What you are asked to do:
Give back all of the data exactly, with every picture omitted.

Data extract:
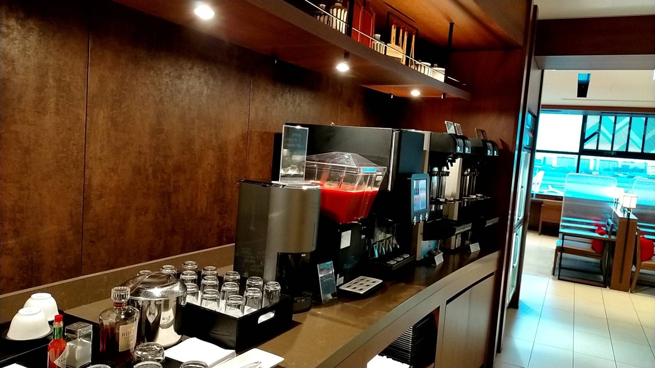 伊丹空港にあるサクララウンジです。保安検査場を通過した後に入り口があります。長めのエスカレーターに乗り3階に行くと、受付カウンターがあるので、そちらでカードなどをタッチして手続きします。セルフでコーヒーやソフトドリンク等頂きながら、登場時間までゆっくり過ごせます。
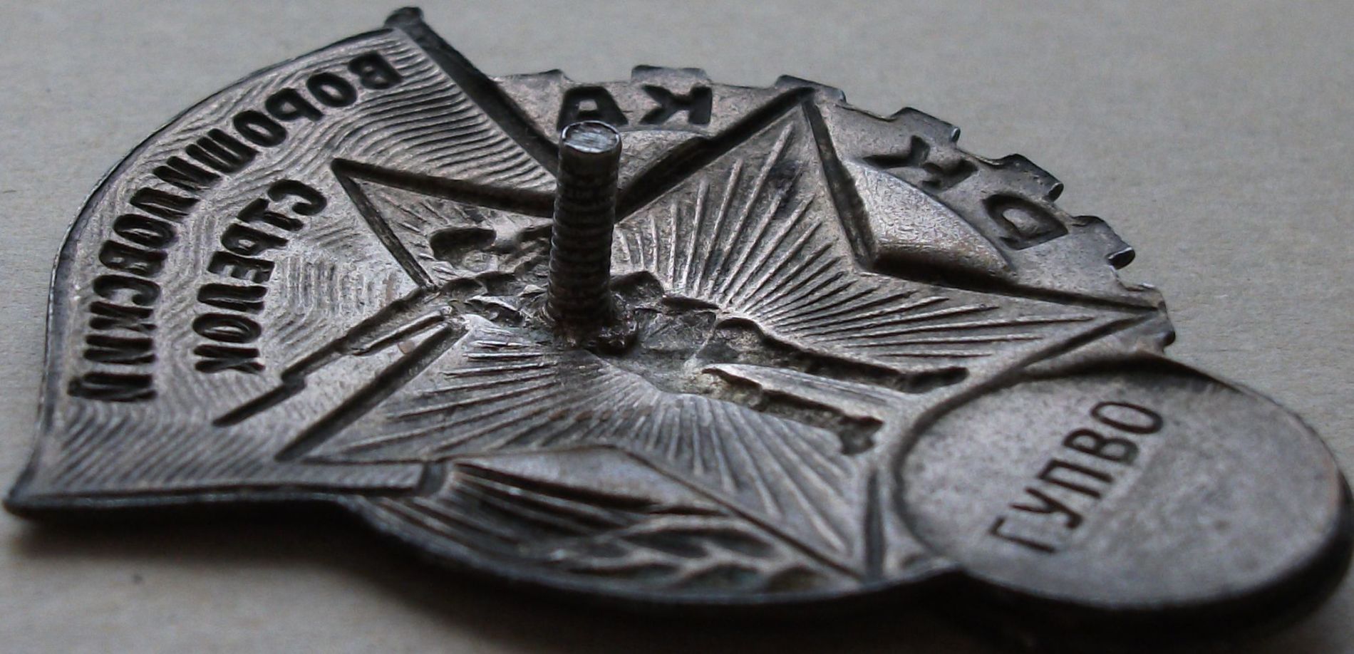 По эмалям, есть мелкая чешуйка на краю флага, на фото показал, в живую вид не портит.
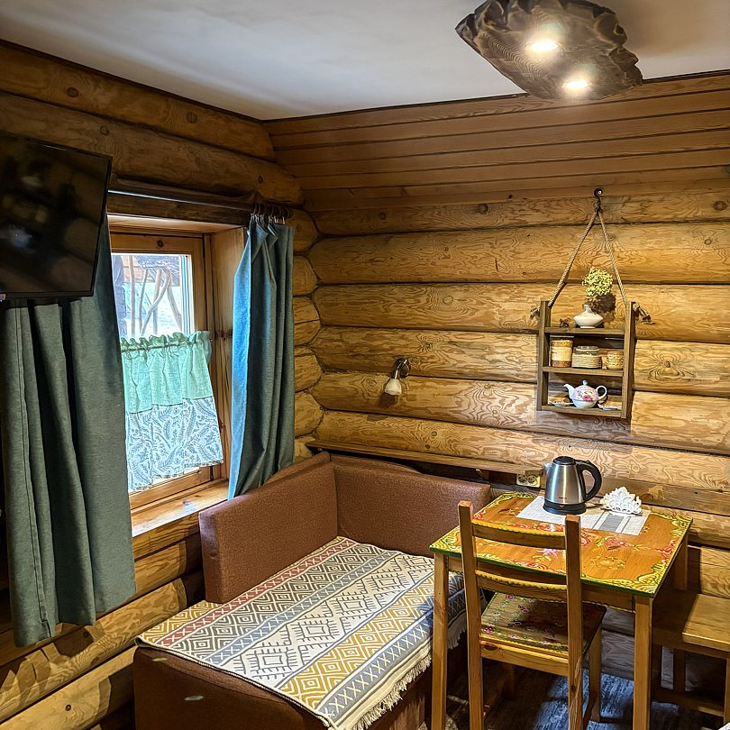 Здесь вы сможете ощутить приятный жар русской бани на дровах, освежиться, облившись родниковой водой из ведра-водопада или окунувшись в купель, а также испытать истинное удовольствие в горячем молодильном чане под открытым небом и полностью расслабиться в уединенном месте, вдыхая свежий горный воздух под звуки природы. А травяной ароматный чай и натуральный мед с собственной пасеки дополнят идеальною палитру отдыха.
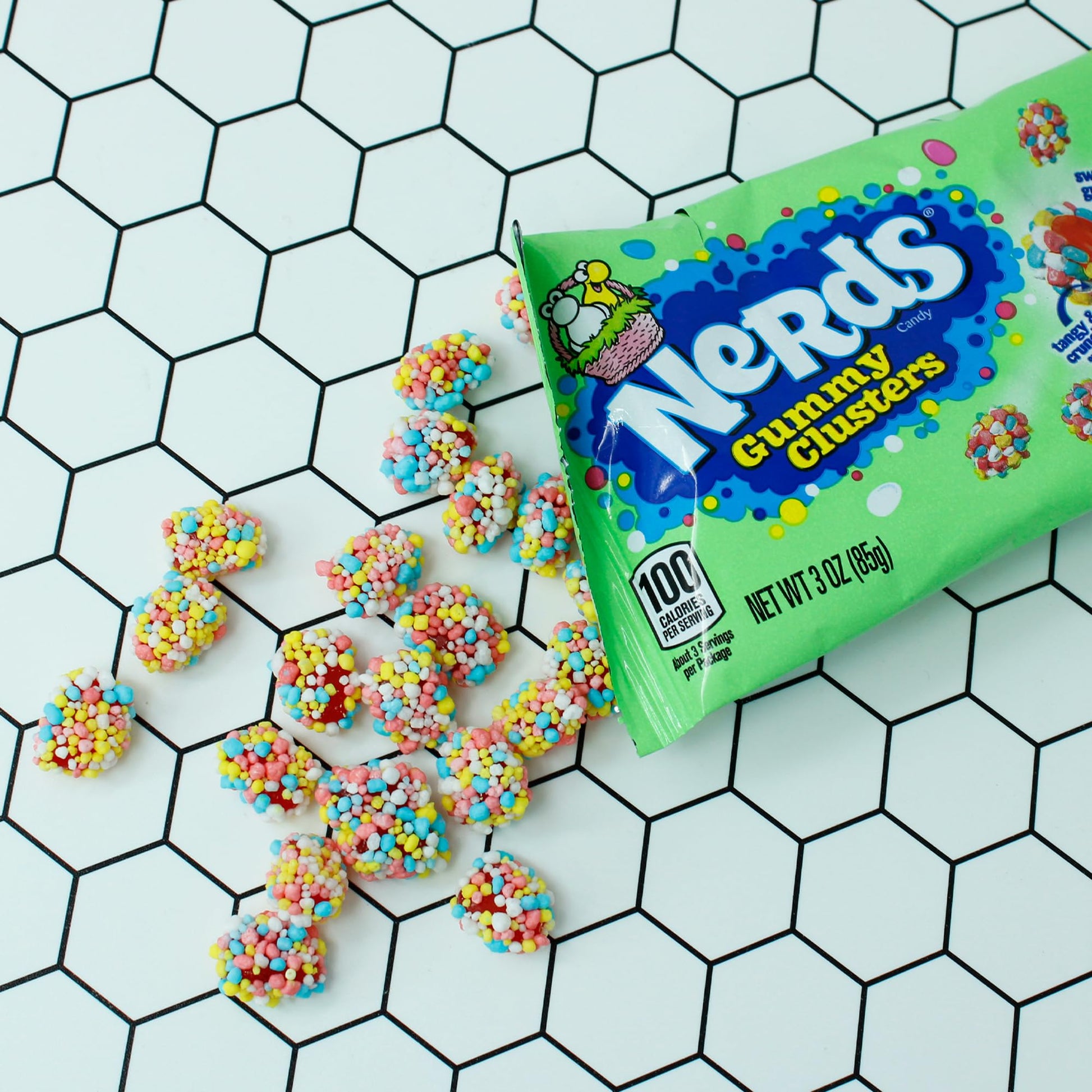Q: What is the texture of the Nerd Gummy Clusters?A: The Nerd Gummy Clusters combine a crunchy outside with a chewy center, offering a unique texture that enhances your snacking experience.
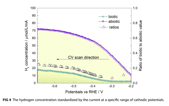 4. 結合微傳感器與循環伏安法,在不同陰極電位下同步測量氫濃度和電流的變化,對比有生物膜( biotic)和無生物膜(abiotic)條件下的差異。
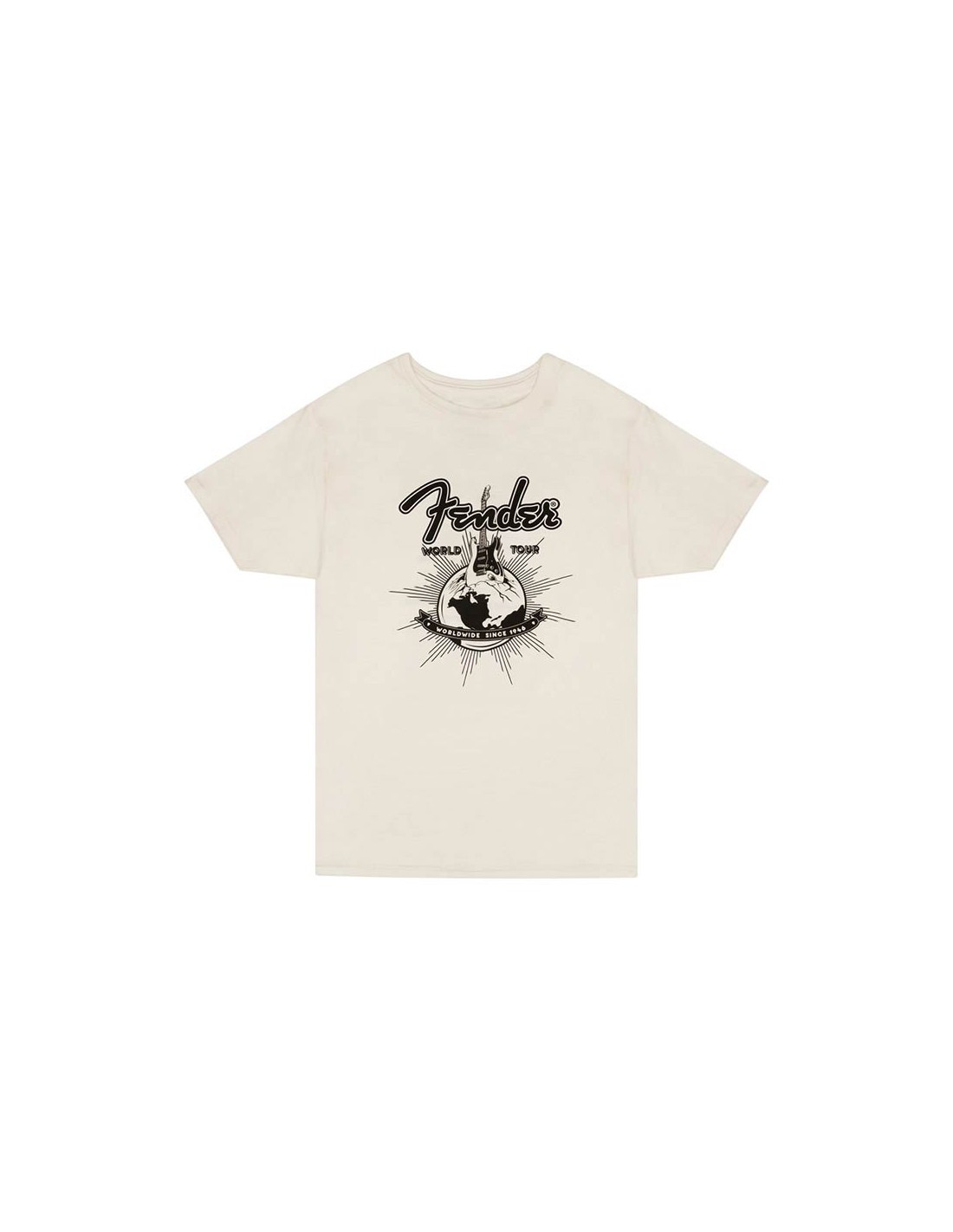 Fender's® world tour is about to begin with this throwback tour t-shirt. In vintage white, with iconic Fender® release dates on the back you will feel part of our rich legacy. Starting in 1947 with the release date of our famous Princeton® classic tweed amplifier and ending the tour in 1966 with the release date of our celebrated 1964 Mustang® bass guitar. What a journey it has been!
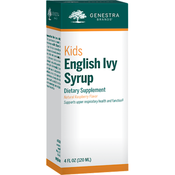Herbal combination supporting upper respiratory immune health in kids • Includes a soothing blend of English ivy, marshmallow and elderberry extracts • Supports upper respiratory health and function • Promotes oropharyngeal mucosal health and comfort • Delicious natural raspberry flavor • Convenient liquid formula suitable for children 3 years and older Kids English Ivy Syrup is a great-tasting combination of herbs traditionally used to support upper respiratory and immune health. It provides English ivy, an important source of a-hederin, which has been shown to support surfactant secretion and bronchiole function in preclinical research. Clinical trials have also demonstrated the beneficial effects of English ivy on supporting respiratory function in children. A mucilaginous herb, marshmallow contains polysaccharides that coat the mucosal lining of the respiratory tract. Clinical research supports its traditional use as a demulcent, promoting oropharyngeal mucosal health and providing soothing comfort to the airway. Kids English Ivy Syrup also includes elderberry, an herb well-recognized for its high anthocyanin content. Elderberry is traditionally used to help maintain a healthy immune system, providing specific support to the upper respiratory tract. Available in a delicious natural raspberry flavor, Kids English Ivy Syrup is a convenient way of supporting upper respiratory function and mucosal comfort in children.  Serving Size: 1 Teaspoon  Servings Per Container: 24  Amount Per Serving% Daily Value Calories 10 Total Carbohydrate 2 g 1% Marshmallow (Althaea officinalis) Root Extract (4:1) 125 mg English Ivy (Hedera helix) Leaf Extract (4-7:1) 40 mg European Elder (Sambucus nigra subsp. nigra) Fruit Extract (16:1) 25 mg  Other Ingredients Purified water, glycerin, xylitol, natural flavors, citric acid, xanthan gum, potassium sorbate  Suggested Use Children (6 years and older): Take 1 teaspoon 3 times daily or as recommended by your healthcare practitioner. Children (3-5 years): Take ½ teaspoon 3 times daily or as recommended by your healthcare practitioner. Take a few hours before or after taking medications or other supplements.  Warning Do not use if you are allergic to ivy. Consult your healthcare practitioner prior to use if you are taking any medication, or have any health condition. Hypersensitivity to European elder has been known to occur; in which case, discontinue use. Discontinue use in case of gastrointestinal upsets,such as abdominal cramps, nausea, vomiting or diarrhea. Use only if safety seal is intact. Keep out of the reach of children. Refer to outer packaging for complete information. Store in a cool, dry place.
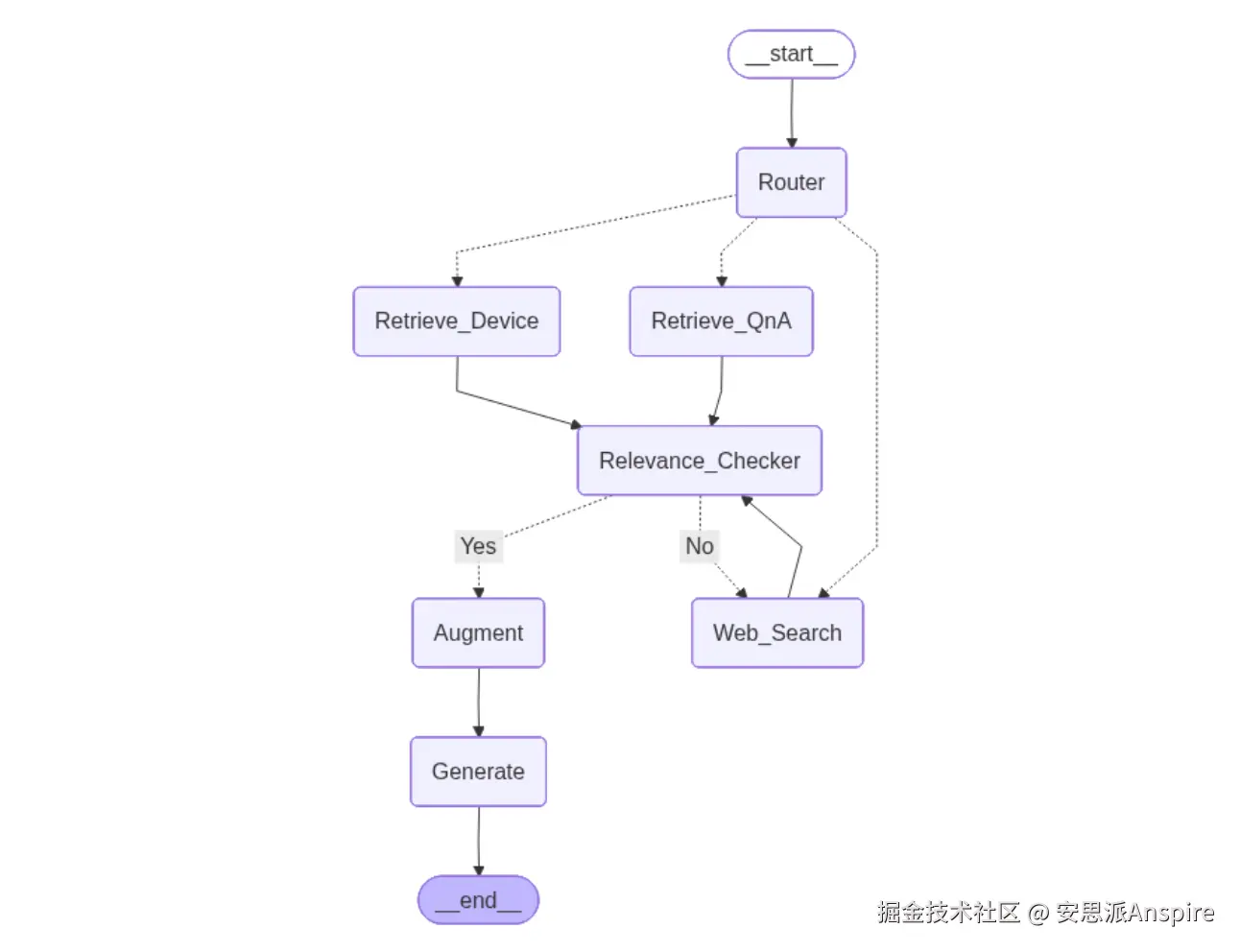 查询 → 路由器(源选择) → 检索 → 相关性检查器 → 如果相关:生成,如果不相关:转到网络搜索 → 结束

Solved problem:
 伊丹空港にあるサクララウンジです。保安検査場を通過した後に入り口があります。長めのエスカレーターに乗り3階に行くと、受付カウンターがあるので、そちらでカードなどをタッチして手続きします。セルフでコーヒーやソフトドリンク等頂きながら、登場時間までゆっくり過ごせます。
 По эмалям, есть мелкая чешуйка на краю флага, на фото показал, в живую вид не портит.
 Здесь вы сможете ощутить приятный жар русской бани на дровах, освежиться, облившись родниковой водой из ведра-водопада или окунувшись в купель, а также испытать истинное удовольствие в горячем молодильном чане под открытым небом и полностью расслабиться в уединенном месте, вдыхая свежий горный воздух под звуки природы. А травяной ароматный чай и натуральный мед с собственной пасеки дополнят идеальною палитру отдыха.
Q: What is the texture of the Nerd Gummy Clusters?A: The Nerd Gummy Clusters combine a crunchy outside with a chewy center, offering a unique texture that enhances your snacking experience.
 4. 結合微傳感器與循環伏安法,在不同陰極電位下同步測量氫濃度和電流的變化,對比有生物膜( biotic)和無生物膜(abiotic)條件下的差異。
 Fender's® world tour is about to begin with this throwback tour t-shirt. In vintage white, with iconic Fender® release dates on the back you will feel part of our rich legacy. Starting in 1947 with the release date of our famous Princeton® classic tweed amplifier and ending the tour in 1966 with the release date of our celebrated 1964 Mustang® bass guitar. What a journey it has been!
Herbal combination supporting upper respiratory immune health in kids • Includes a soothing blend of English ivy, marshmallow and elderberry extracts • Supports upper respiratory health and function • Promotes oropharyngeal mucosal health and comfort • Delicious natural raspberry flavor • Convenient liquid formula suitable for children 3 years and older Kids English Ivy Syrup is a great-tasting combination of herbs traditionally used to support upper respiratory and immune health. It provides English ivy, an important source of a-hederin, which has been shown to support surfactant secretion and bronchiole function in preclinical research. Clinical trials have also demonstrated the beneficial effects of English ivy on supporting respiratory function in children. A mucilaginous herb, marshmallow contains polysaccharides that coat the mucosal lining of the respiratory tract. Clinical research supports its traditional use as a demulcent, promoting oropharyngeal mucosal health and providing soothing comfort to the airway. Kids English Ivy Syrup also includes elderberry, an herb well-recognized for its high anthocyanin content. Elderberry is traditionally used to help maintain a healthy immune system, providing specific support to the upper respiratory tract. Available in a delicious natural raspberry flavor, Kids English Ivy Syrup is a convenient way of supporting upper respiratory function and mucosal comfort in children.  Serving Size: 1 Teaspoon  Servings Per Container: 24  Amount Per Serving% Daily Value Calories 10 Total Carbohydrate 2 g 1% Marshmallow (Althaea officinalis) Root Extract (4:1) 125 mg English Ivy (Hedera helix) Leaf Extract (4-7:1) 40 mg European Elder (Sambucus nigra subsp. nigra) Fruit Extract (16:1) 25 mg  Other Ingredients Purified water, glycerin, xylitol, natural flavors, citric acid, xanthan gum, potassium sorbate  Suggested Use Children (6 years and older): Take 1 teaspoon 3 times daily or as recommended by your healthcare practitioner. Children (3-5 years): Take ½ teaspoon 3 times daily or as recommended by your healthcare practitioner. Take a few hours before or after taking medications or other supplements.  Warning Do not use if you are allergic to ivy. Consult your healthcare practitioner prior to use if you are taking any medication, or have any health condition. Hypersensitivity to European elder has been known to occur; in which case, discontinue use. Discontinue use in case of gastrointestinal upsets,such as abdominal cramps, nausea, vomiting or diarrhea. Use only if safety seal is intact. Keep out of the reach of children. Refer to outer packaging for complete information. Store in a cool, dry place.
 查询 → 路由器(源选择) → 检索 → 相关性检查器 → 如果相关:生成,如果不相关:转到网络搜索 → 结束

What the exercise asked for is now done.